Pictures stay out of this copy; please retype only the lines from the start of the records through the line with "This image features".

**DATA FOR PROCESSING**
○ ○ ○ ○
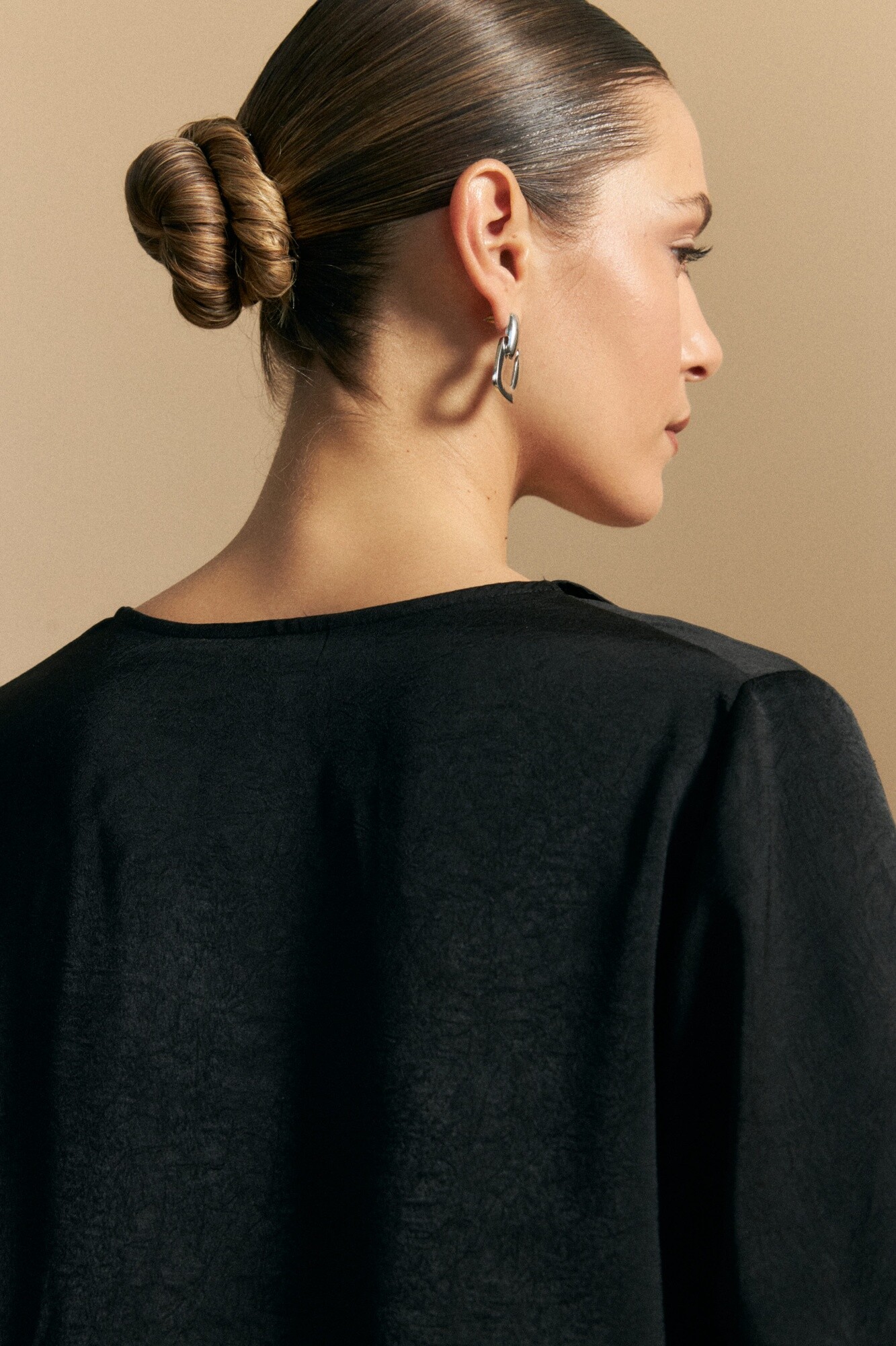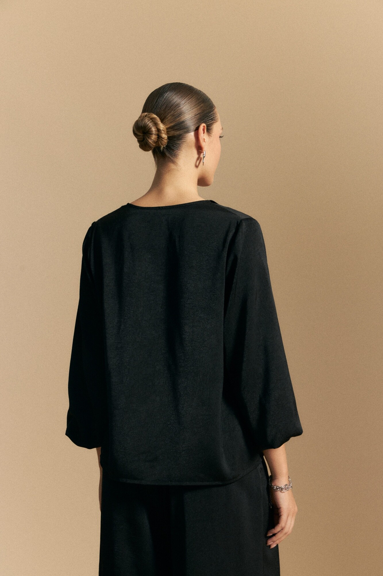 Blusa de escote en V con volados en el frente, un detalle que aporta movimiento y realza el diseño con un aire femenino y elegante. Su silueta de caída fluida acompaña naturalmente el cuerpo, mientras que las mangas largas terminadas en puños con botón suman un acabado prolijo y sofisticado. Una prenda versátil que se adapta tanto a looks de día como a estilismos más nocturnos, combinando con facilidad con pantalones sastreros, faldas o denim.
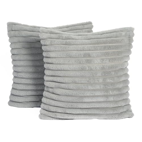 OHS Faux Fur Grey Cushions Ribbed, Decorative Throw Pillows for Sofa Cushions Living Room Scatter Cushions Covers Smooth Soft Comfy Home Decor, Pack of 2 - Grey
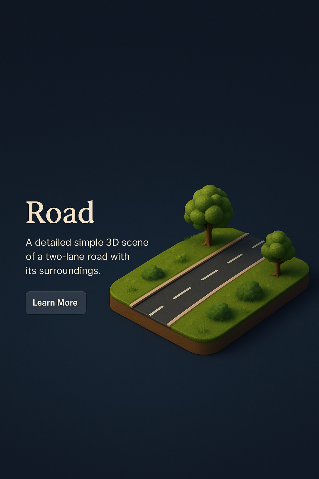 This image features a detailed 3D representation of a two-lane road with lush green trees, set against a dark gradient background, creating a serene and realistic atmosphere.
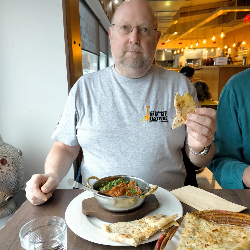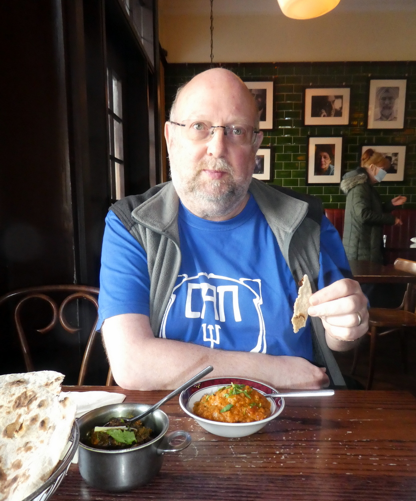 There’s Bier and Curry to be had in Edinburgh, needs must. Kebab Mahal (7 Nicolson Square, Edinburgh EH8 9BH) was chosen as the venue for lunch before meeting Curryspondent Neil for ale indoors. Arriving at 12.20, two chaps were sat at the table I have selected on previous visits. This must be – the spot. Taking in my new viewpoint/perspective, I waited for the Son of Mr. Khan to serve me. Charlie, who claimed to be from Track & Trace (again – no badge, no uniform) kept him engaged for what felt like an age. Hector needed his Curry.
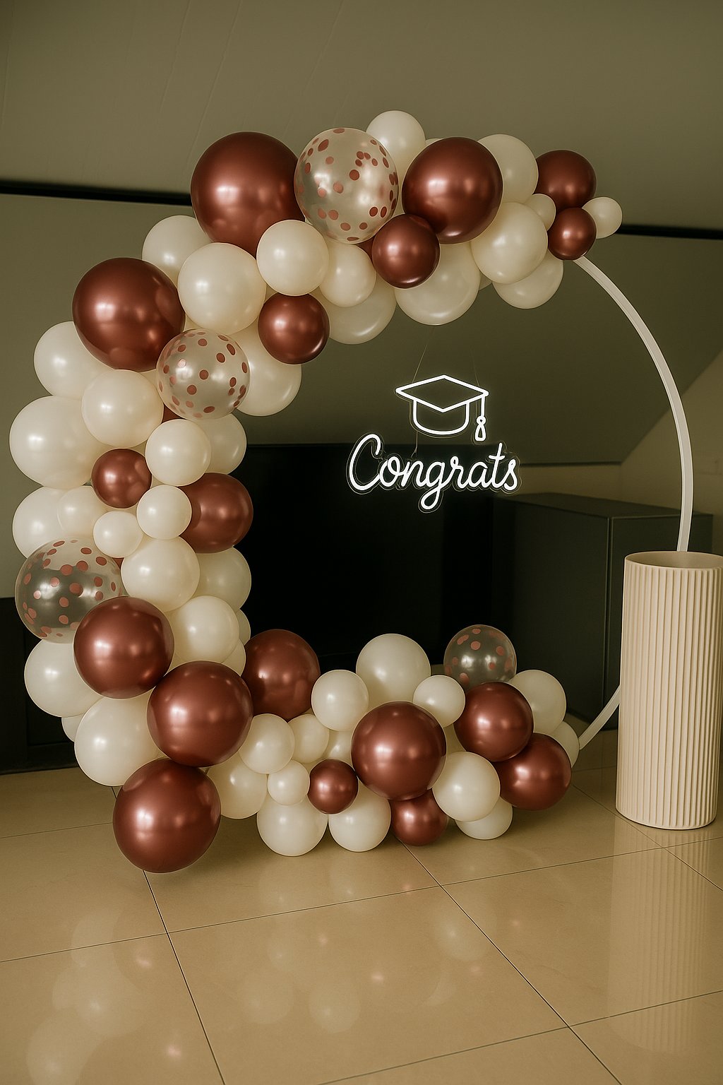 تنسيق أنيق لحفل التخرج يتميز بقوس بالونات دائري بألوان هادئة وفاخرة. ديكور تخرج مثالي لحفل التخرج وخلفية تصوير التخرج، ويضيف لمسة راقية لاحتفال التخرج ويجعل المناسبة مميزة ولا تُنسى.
○ ○ ○ ○
**TASK RESULT**
 Blusa de escote en V con volados en el frente, un detalle que aporta movimiento y realza el diseño con un aire femenino y elegante. Su silueta de caída fluida acompaña naturalmente el cuerpo, mientras que las mangas largas terminadas en puños con botón suman un acabado prolijo y sofisticado. Una prenda versátil que se adapta tanto a looks de día como a estilismos más nocturnos, combinando con facilidad con pantalones sastreros, faldas o denim.
 OHS Faux Fur Grey Cushions Ribbed, Decorative Throw Pillows for Sofa Cushions Living Room Scatter Cushions Covers Smooth Soft Comfy Home Decor, Pack of 2 - Grey
 This image features a detailed 3D representation of a two-lane road with lush green trees, set against a dark gradient background, creating a serene and realistic atmosphere.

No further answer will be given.